Finding Domain of a Function
Domain of a Function
The process of determining the domain of a function involves identifying the largest subset of \( \mathbb{R} \) where the function is well-defined. This requires remembering the domains of elementary functions and understanding how the algebra of functions influences domains. By systematically applying these principles, we can calculate the domain of any given function.
In this section, we focus on domain calculation. Specifically, we consider the natural domain, which is the largest subset of \( \mathbb{R} \) such that the expression defining the function is mathematically valid. This involves excluding values that lead to undefined operations such as division by zero, square roots of negative numbers, or logarithms of non-positive values.
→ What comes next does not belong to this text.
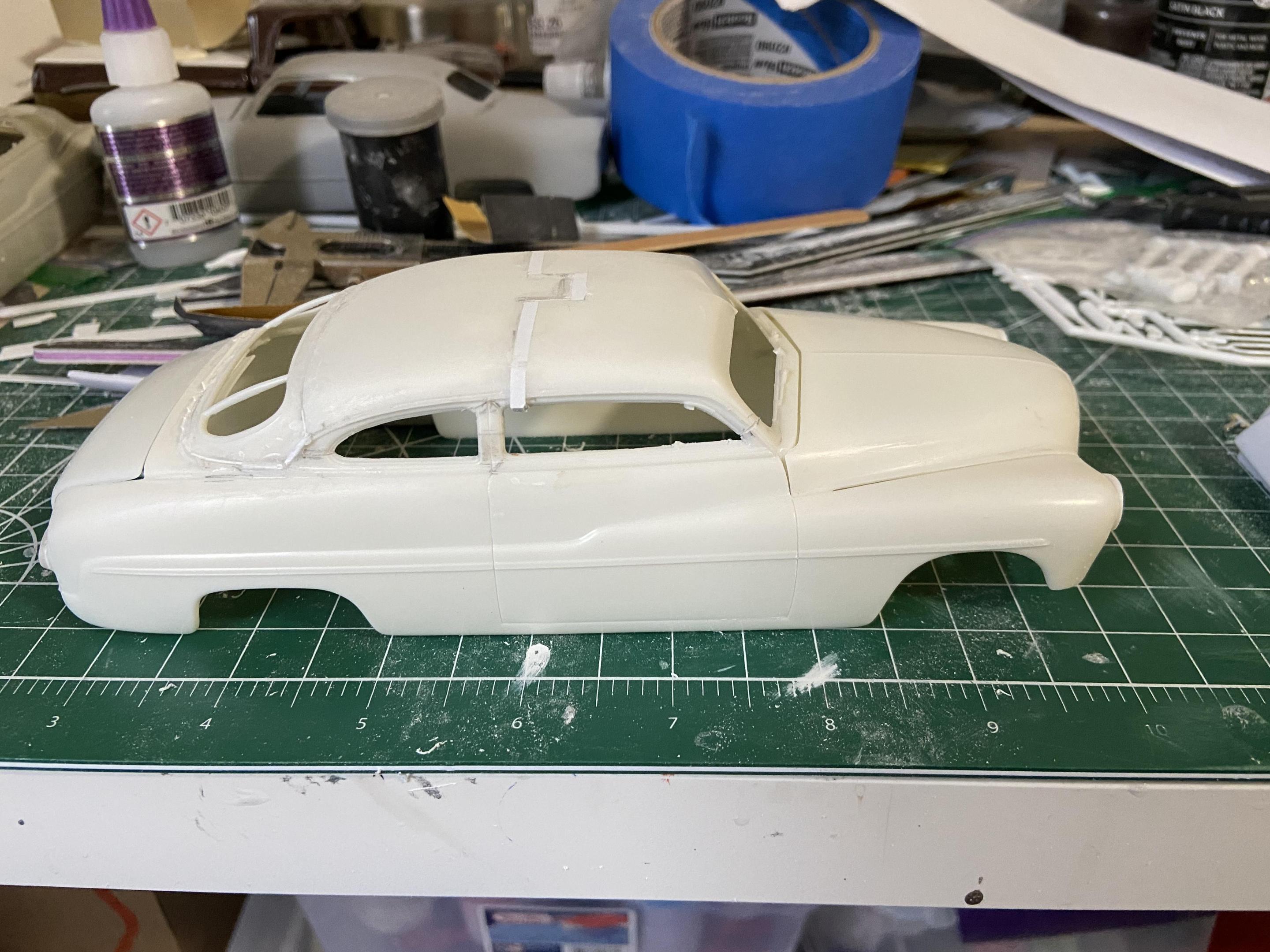 I decided what I needed to do is do a wedge chop. I cut 2 mm out of the C pillars and about 4.5 mm out of the windshield posts. I kept the back window stock height. Cheers

You should revisit the domain of fundamental functions, such as polynomials, rational functions, square root functions, logarithmic functions, and trigonometric functions, as these serve as the building blocks for more complex expressions. Additionally, it is important to understand how operations like addition, subtraction, multiplication, division, and composition affect the domain, as these operations often introduce new constraints or restrictions that must be accounted for when calculating the domain of combined or derived functions.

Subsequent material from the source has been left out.